I like the car. It looks real nice and clean. Oh, WELCOME.


----------



## LIUSPEED (May 29, 2002)

OPIUM3 said:


> *
> **holding back... holding back....
> 
> 
> ...


oh drop it with the altezzas gaggin stuff.. it gettin old.


nice car azn2dmax


----------



## Guest (Sep 15, 2002)

*Thanks*

To all the positive replies thanks. To all the haters, I really don't care just tryin to express what I like. As for the Altezza's I am goin to paint them to match the color of my car. thanks for the positive feedback for those who left them. It's all good everyone has their opinion that's what I'm in the military so we can keep it that way. 

thanks,
oliver

P.S. Opium still no pics of your car??????? I wonder why???????


----------



## RiceBox (Apr 30, 2002)

Not a fan of the chrome rims or the Altezzas, but whatever floats your boat.


----------



## Gimp (Jun 9, 2002)

Welcome aboard. Enjoy the ride! 

BTW, gotta get those pictures when you paint the altezzas....no matter WHAT anyone else thinks. Oh yeah, nice car. Clean, tight, and well taken care of.


----------



## Classic XE (May 2, 2002)

*2 words*

Bling Bling! Not my cup of tea, but welcome aboard!


----------



## 97sentragxe (Jun 20, 2002)

I LIKE the wheels. They'd look like crap on my Sentra, not to mention they probably weigh so much my car wouldn't move, but they do look good. The altezzas are, well, very clear.  That's all i've got on that, other than it's your car, and if you like clear, dammit, go clear.


----------



## 2002JustBlue (Sep 9, 2002)

I felt real old when I read: "EVER SINCE I WAS A LITTLE KID I HAVE ALWAYS LOVED THE MAXIMA "

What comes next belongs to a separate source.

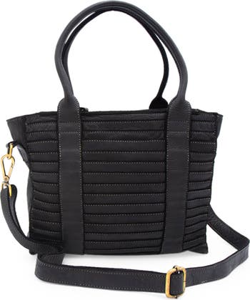 This is the perfect mid-size tote. It features beautiful patchwork details on the exterior with a barely visible phone pocket—compact size with ample storage.

When I was a little kid, there was no Maxima


----------



## Felonious Cat Stalker (May 1, 2002)

2002JustBlue said:


> *I felt real old when I read: "EVER SINCE I WAS A LITTLE KID I HAVE ALWAYS LOVED THE MAXIMA "
> 
> When I was a little kid, there was no Maxima  *


Heh, when I was a little kid, they were still Datsuns.


----------



## 97sentragxe (Jun 20, 2002)

When I was a little kid, there were Maximas, and I also liked them. I begged my parents to get one that had the cool little keypad built into the drivers door to unlock it.(about 1991-94) and what'd they do, bought a friggin' BMW.


----------



## 89Sentra (Jul 2, 2002)

stereo setup in trunk is awesome..

very clean


----------